◆ **Assigned task**
Print the data below verbatim, minus images.

☆ ☆ ☆

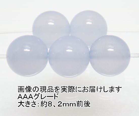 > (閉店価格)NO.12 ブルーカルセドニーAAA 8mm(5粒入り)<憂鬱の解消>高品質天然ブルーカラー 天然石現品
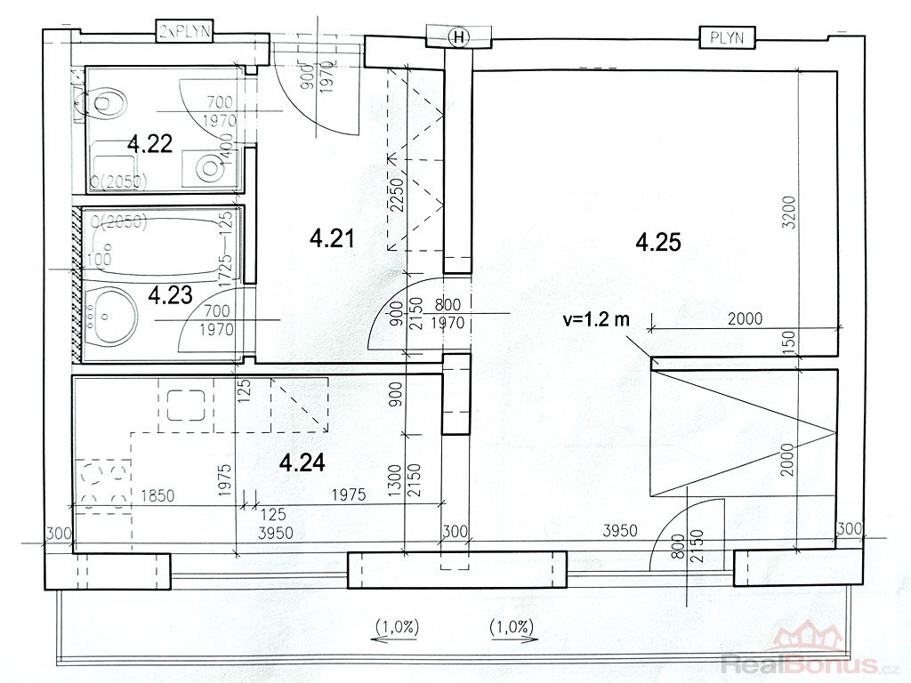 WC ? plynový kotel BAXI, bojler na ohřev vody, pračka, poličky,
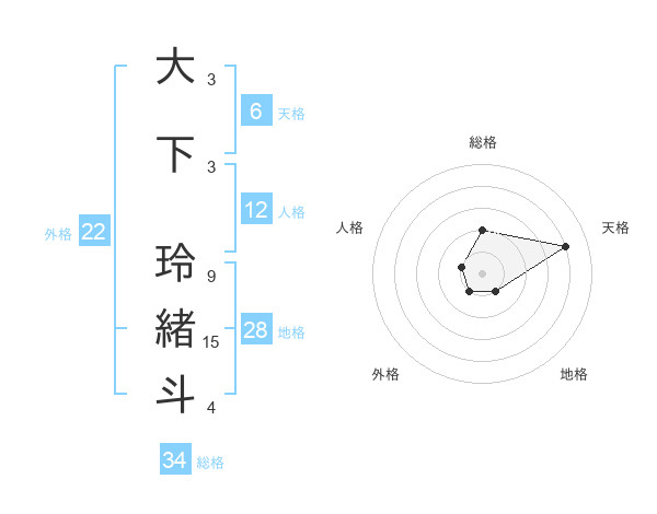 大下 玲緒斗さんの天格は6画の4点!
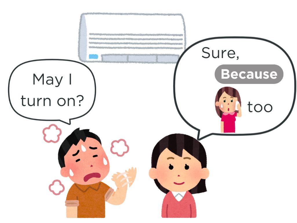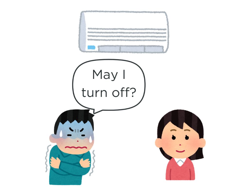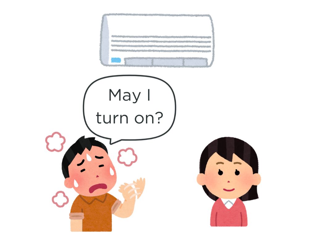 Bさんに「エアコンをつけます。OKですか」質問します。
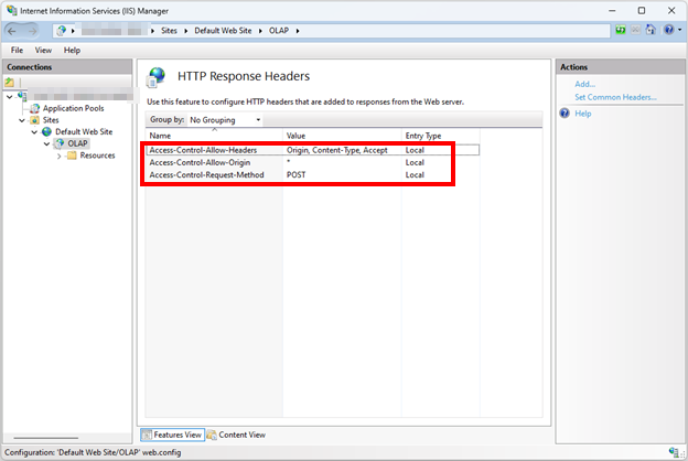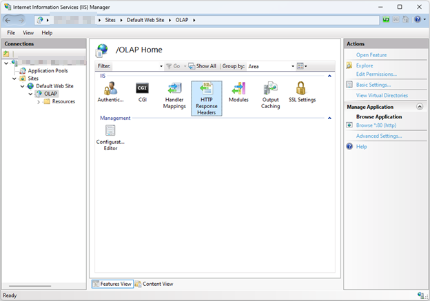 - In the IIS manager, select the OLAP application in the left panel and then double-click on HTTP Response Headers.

☆ ☆ ☆

◆ **Exercise solution**
 > (閉店価格)NO.12 ブルーカルセドニーAAA 8mm(5粒入り)<憂鬱の解消>高品質天然ブルーカラー 天然石現品
 WC ? plynový kotel BAXI, bojler na ohřev vody, pračka, poličky,
 大下 玲緒斗さんの天格は6画の4点!
 Bさんに「エアコンをつけます。OKですか」質問します。
 - In the IIS manager, select the OLAP application in the left panel and then double-click on HTTP Response Headers.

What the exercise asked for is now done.